The dance has always been with us, even before the arrival of written

language and modern history, when our earliest cultures evolved to make

use of oral and performance methods to pass the stories from one

generation to the next. Many historians believe that social, celebratory and

ritual dances are one of the essential factors of the development of early

human civilizations. Dance, like all forms of cultural expression, reflects

the society in which it exists and it also provided a form of social

affirmation and a means of expressing national or tribal loyalty and power,

and it was a part of religious ritual, providing a direct means of

communicating with the spirits, just like Ethnic dances found among the

ethnolinguistic groups scattered all over the Philippine islands. These

dances, which are integral to the community’s way of life, are: the ritual

dances, which connect the material world to the spiritual; the lifecycle

dances, which celebrate an individual’s birth, baptism, courtship, wedding,

and demise; and the occupational dances, which transform defense and

livelihood activities to celebratory performances.

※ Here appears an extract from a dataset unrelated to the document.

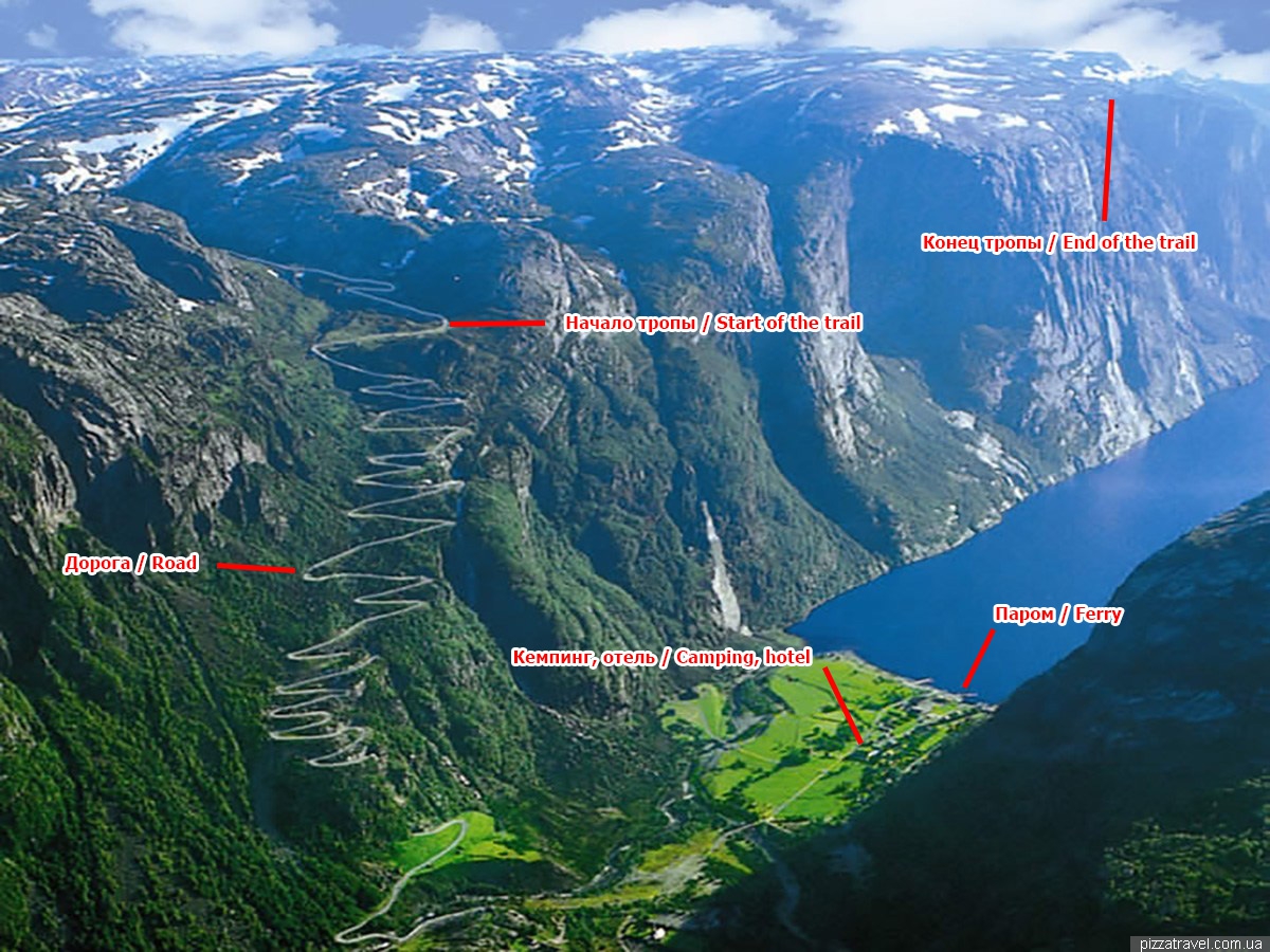 Дістатися до старту стежки не так просто. Справа в тому, що поруч немає ніяких великих, і навіть невеликих, міст. Поїздка з Ставангера через Sinnes і Suleskard на автомобілі займе не менше двох з половиною годин.

Also rituals support the

spiritual and social life of the indigenous Filipinos, closely adapt to nature,

believing in the spirits that keep their environment fruitful and their selves

alive, the ethnic Filipinos authorized these rites “always with instrumental

music, chanting, and often dancing” as part of communal life cycles, but

they also serve as a popular medium of dramatic expression and

entertainment that reflects the people’s nature, culture and aspirations.